Пересылка на Воркуте была переполнена. Я очень устала и ослабела. Мне уступили место, и я легла. Возраст мой выделялся - мне было 46 лет. Заключённых старше 50-ти на Воркуту вообще не посылали.

На пересылке были мужчины. При мне освободился режиссёр Каплер, отбыл свой первый пятилетний срок. Было известно, что сидел он из-за Светланы, дочери Сталина. Мы с ним немного поговорили. На этой же пересылке я в первый раз встретила сиониста из Прибалтики или из Польши, весьма образованного человека, с учёной степенью и знающего языки - и при этом религиозного еврея. Он сказал что-то об Израиле. Я выразила полное равнодушие и к сионизму, и к еврейскому вопросу. Он не удивился: "Мы советских евреев давно уже сбросили со счетов". Эта фраза запала мне в память.

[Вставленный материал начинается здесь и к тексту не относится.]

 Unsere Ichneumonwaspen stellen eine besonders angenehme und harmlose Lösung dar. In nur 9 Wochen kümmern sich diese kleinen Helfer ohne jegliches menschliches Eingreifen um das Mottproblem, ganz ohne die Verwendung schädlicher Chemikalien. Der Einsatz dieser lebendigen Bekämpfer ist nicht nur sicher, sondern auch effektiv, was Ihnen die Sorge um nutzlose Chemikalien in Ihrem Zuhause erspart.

Донимали нас на пересылке страшенные клопы. Днём они не очень кусали, но ночью я из-за них совсем не спала. Там же нам дали грязные, старые бушлаты, вата из них совсем вылезла. И я вспомнила, как мы с отцом ехали в Америку первым классом на лайнере "Бремен". К обеду надо было переодеваться, что было ужасно утомительно. Отец надел смокинг, я - вечернее платье, он оглядел меня и сказал: "Всё-таки это красиво". Но я чувствовала, что быть в таком наряде мне совсем не положено, что это - как игра. Но, надев свой первый бушлат, я вспомнила эту сцену в каюте и подумала: Однако такого я тоже не заслужила.

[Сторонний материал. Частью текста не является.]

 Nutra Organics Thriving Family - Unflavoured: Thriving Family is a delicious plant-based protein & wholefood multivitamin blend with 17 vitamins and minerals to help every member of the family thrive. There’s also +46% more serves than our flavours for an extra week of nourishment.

Потом нас отправили на Предшахтную, лагерь, расположенный в трёх километрах от пересылки. Собрался довольно большой этап, человек сорок, нас под конвоем повели пешком, а вещи наши поехали. Я едва одолела эти три километра, конвой из-за меня останавливал строй. Но меня поддерживало любопытство: что там за воротами?

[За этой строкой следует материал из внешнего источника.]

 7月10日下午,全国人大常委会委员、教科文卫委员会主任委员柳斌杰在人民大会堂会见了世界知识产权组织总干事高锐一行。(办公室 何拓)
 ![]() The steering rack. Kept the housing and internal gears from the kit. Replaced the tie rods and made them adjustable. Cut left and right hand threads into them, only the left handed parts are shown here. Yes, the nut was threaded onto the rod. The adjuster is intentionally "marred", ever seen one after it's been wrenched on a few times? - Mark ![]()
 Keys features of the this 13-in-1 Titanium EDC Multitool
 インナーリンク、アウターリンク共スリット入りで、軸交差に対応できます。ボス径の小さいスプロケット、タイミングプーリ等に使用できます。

Когда я сейчас это рассказываю, то вижу себя, как в кадре из фильма, стоящую у ворот лагеря. Ты знаешь, как долго принимают этап. Наконец, ворота открылись, мы прошли в зону сквозь строй заключённых, которые непрерывно выкликали, главным образом, по-украински: "Кто из Дрогобыча? Кто со Станиславщины?" А иногда на каком-то из прибалтийских языков, которые я на слух ещё не различала. Этапники откликались и тут же отходили к своим, довольные, радостные. Это было грандиозно: собрались все народы. Меньше других выкликали своих русские.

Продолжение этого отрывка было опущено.